WHAT IS NEEDED
Once the line with "真丝蝴蝶印花衬衫 真丝衬衫女长袖 欧洲站新款翻领桑蚕丝衬衣女" is found in the data, output it and each following line exactly, up to and including the line with "1985年佤文新约全书 腓立比书 2 章 12 节到 3 章 8 节", and nothing before or after.

THE RECORDS
◇ ◇ ◇
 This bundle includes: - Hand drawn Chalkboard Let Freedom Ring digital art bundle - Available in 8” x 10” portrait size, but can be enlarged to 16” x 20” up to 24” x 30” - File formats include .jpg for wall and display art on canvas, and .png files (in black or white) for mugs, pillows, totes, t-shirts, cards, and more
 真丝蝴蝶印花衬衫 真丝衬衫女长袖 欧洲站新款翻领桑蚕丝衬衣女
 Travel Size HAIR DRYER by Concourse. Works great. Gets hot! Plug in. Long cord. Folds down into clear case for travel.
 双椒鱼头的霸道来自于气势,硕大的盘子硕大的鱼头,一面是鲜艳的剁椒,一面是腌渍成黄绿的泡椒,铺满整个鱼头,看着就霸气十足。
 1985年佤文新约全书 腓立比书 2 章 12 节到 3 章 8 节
◇ ◇ ◇
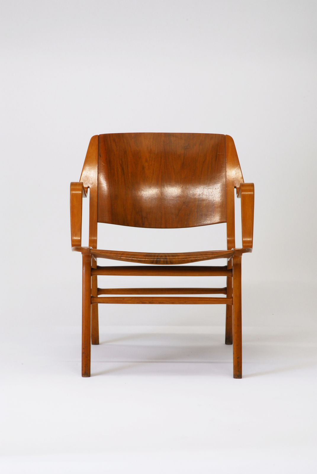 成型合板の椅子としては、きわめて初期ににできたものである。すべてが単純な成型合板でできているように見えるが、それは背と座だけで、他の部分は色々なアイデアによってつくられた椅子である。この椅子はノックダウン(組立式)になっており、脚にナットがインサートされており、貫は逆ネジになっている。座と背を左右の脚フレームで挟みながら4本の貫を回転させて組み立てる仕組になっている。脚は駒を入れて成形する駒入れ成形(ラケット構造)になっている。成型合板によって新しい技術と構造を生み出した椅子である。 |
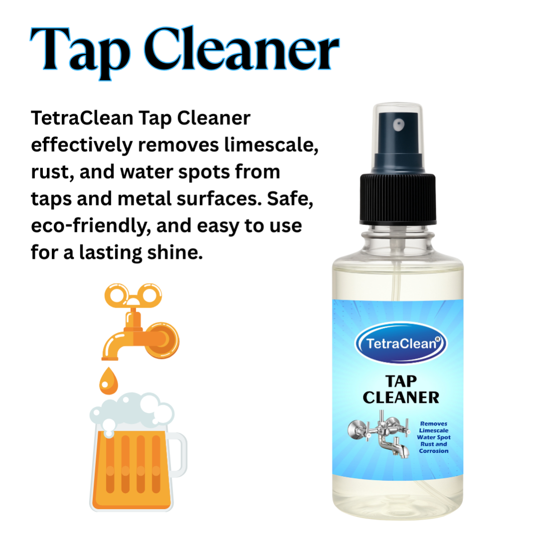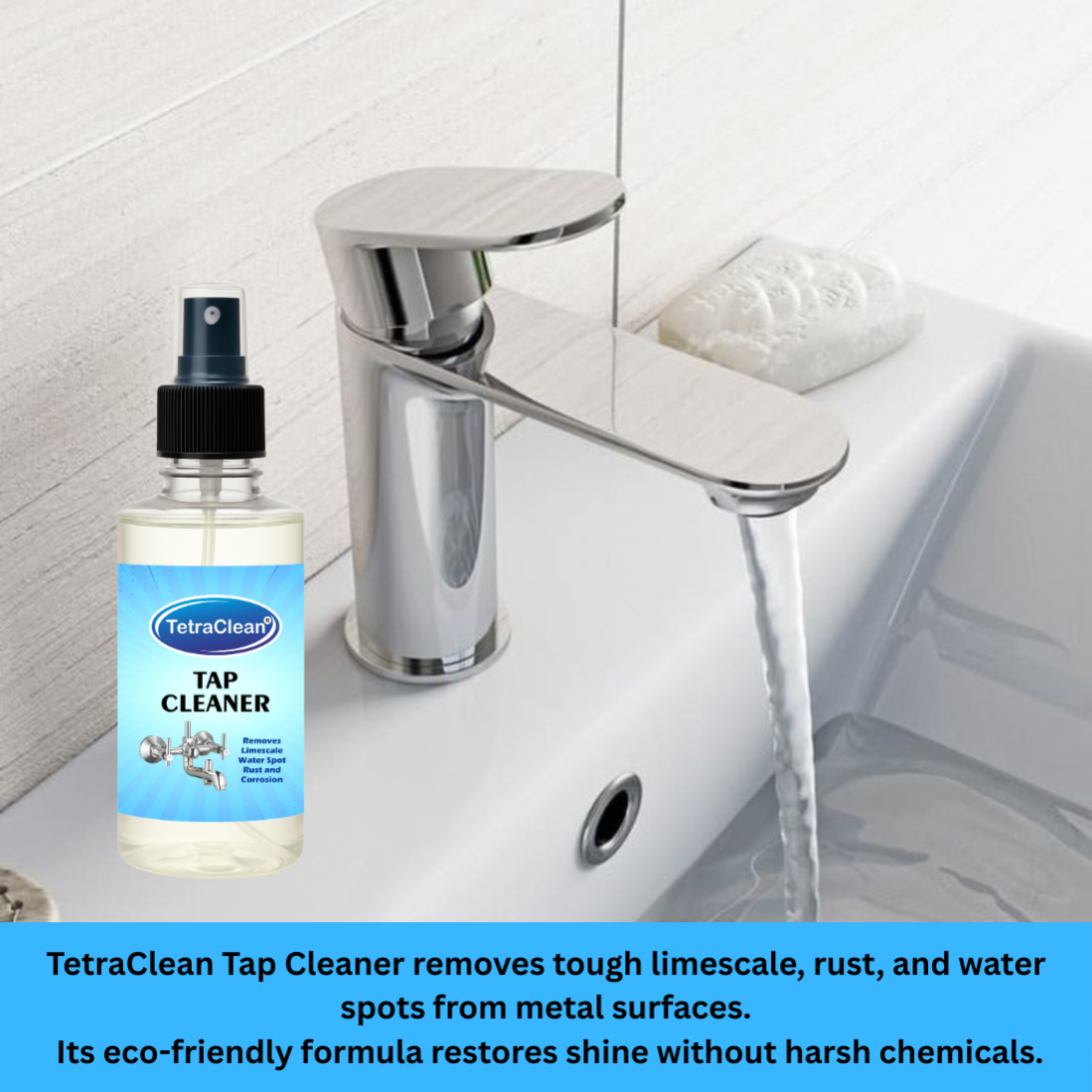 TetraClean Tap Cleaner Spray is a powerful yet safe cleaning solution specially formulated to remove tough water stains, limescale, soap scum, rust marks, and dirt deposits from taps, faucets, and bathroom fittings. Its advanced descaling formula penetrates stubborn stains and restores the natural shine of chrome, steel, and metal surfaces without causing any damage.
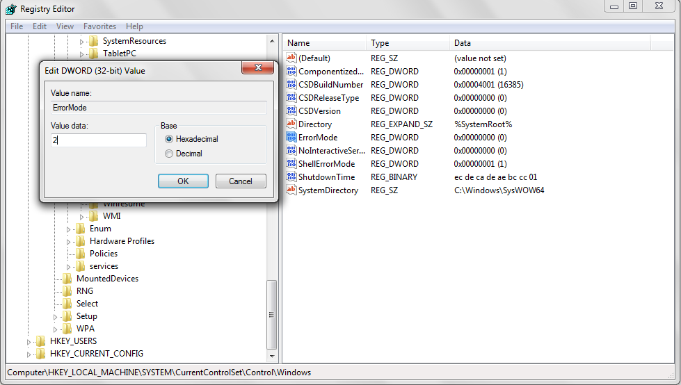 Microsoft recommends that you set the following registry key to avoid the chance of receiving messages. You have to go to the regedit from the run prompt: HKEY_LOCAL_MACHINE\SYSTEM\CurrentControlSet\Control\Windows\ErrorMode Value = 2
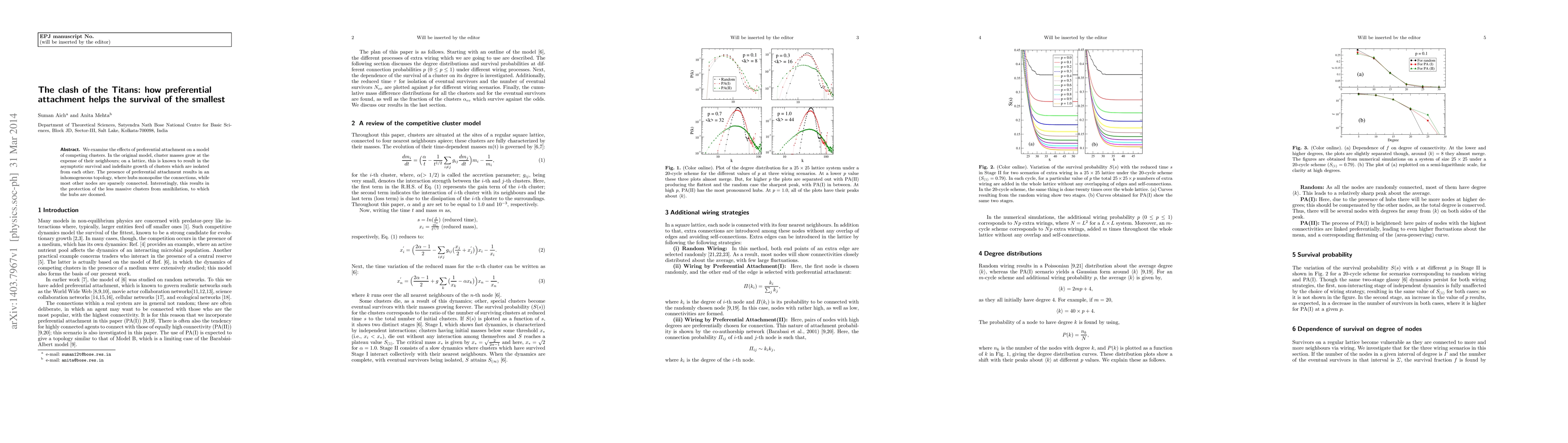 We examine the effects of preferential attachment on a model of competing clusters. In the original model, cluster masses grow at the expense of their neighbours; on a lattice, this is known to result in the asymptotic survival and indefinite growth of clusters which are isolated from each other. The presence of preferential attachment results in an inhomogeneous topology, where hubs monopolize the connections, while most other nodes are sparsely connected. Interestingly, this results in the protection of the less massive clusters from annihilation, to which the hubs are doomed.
◇ ◇ ◇
SOLUTION TO THE EXERCISE
 真丝蝴蝶印花衬衫 真丝衬衫女长袖 欧洲站新款翻领桑蚕丝衬衣女
 Travel Size HAIR DRYER by Concourse. Works great. Gets hot! Plug in. Long cord. Folds down into clear case for travel.
 双椒鱼头的霸道来自于气势,硕大的盘子硕大的鱼头,一面是鲜艳的剁椒,一面是腌渍成黄绿的泡椒,铺满整个鱼头,看着就霸气十足。
 1985年佤文新约全书 腓立比书 2 章 12 节到 3 章 8 节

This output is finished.